Advice for design students: Soup, trust and adulthood

Six months into being the team’s youngest designer, here's some ‘wisdom’ for all the students out there keeping me on my toes.

This summer, amidst a year synonymous with cataclysmic change, I stepped out of art school fresh faced and into the Adult™ world. A confusing time of responsibilities, early starts, deadlines, Brexit/Trump and mild binge-drinking. Feel free to conflate the last two. 

As a newly inaugurated Adult™ in the design world there’s a lot to be learnt. About one’s own strengths and weaknesses, how the freedom and personal authority of art school translates into the realities of a client-facing business and how to get the office microwave to heat up the soup and not just the bowl.

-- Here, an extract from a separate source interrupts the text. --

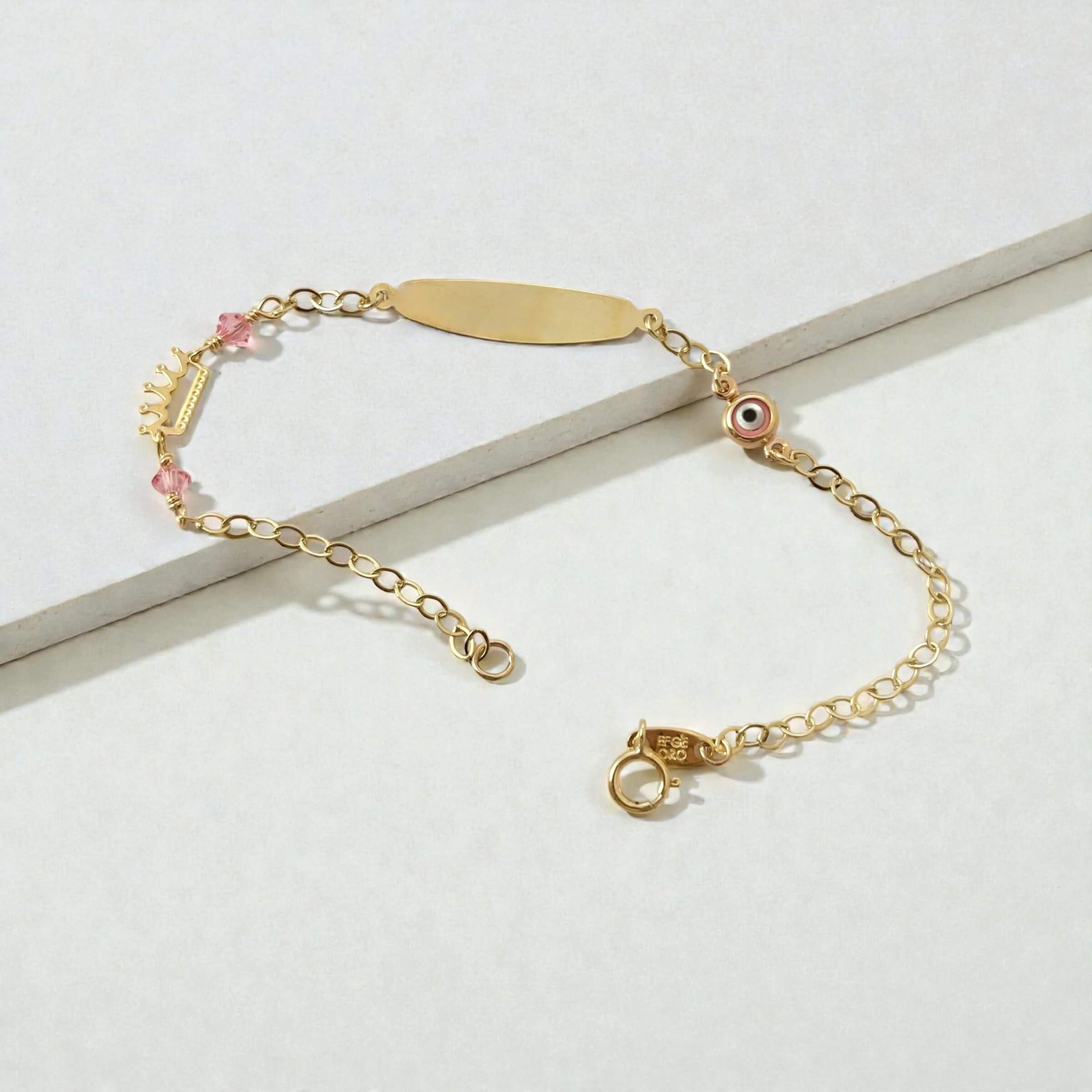 Χρυσή ταυτότητα για νεογέννητο κοριτσάκι με ματάκι-κορωνίτσα , κ9

In the months that led up to the art school exit door I had developed an idea of what a Junior Designer’s valuable traits might be. Worries about how well I knew Photoshop, how quickly I could ‘work up’ a logo and how honed my typographic skills were, plagued me.

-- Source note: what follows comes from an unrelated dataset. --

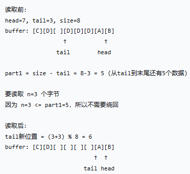 main()函数的while(1)循环中,从环形缓冲区里面把数据读出来,解析

But as it happens, above and beyond all of the industry-related skills, teamwork - that often vacuous barnacle on a teenager’s CV - has without a doubt been the most important trait to get me where I am at this point and to set me up to become a much better designer in the future. 

Back in the halcyon days of 2015 when I was a mere intern here at Good, I sensed quickly how critical this might be.

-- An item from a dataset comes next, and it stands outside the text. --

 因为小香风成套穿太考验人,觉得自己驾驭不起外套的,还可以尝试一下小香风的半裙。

I made an effort be accommodating, persistent, show up early and never leave without asking if others working late needed a hand. Simple things, but they all demonstrated that I was willing to be part of the studio, and not just here for myself. I don’t think I’m wrong when I say that’s why they asked me to come back as a Junior Designer. 

Getting your head around working as a unit also means you learn more – more quickly. I can’t design and manage some of the world’s biggest brands single-handedly - at least not yet - but I can be a part of the team that does.

And from this, I will become a far better designer than if I was just pretty good at typesetting for an art school student, but had the interpersonal skills of a brick. 

I would also stress the importance of trust. Gaining the trust of the rest of your team is the first step to getting anything like the freedom you were afforded at art school.

Before you get to do the big rebrands, you have to prove you’re a capable pair of hands with the smaller jobs. And that’s okay; it’s all part of the journey up.

So my advice to any design student that finds themselves standing wide-eyed at the open door to Adulthood™ -  assuming you’re already pretty good at what you do - is swallow the ego, work as a team and build up some trust.

Find some good people and throw yourself into being a small, but irreplaceable part of their team. That’s when you’ll really begin to evolve as a designer, and hopefully nail the whole Adult™ thing too.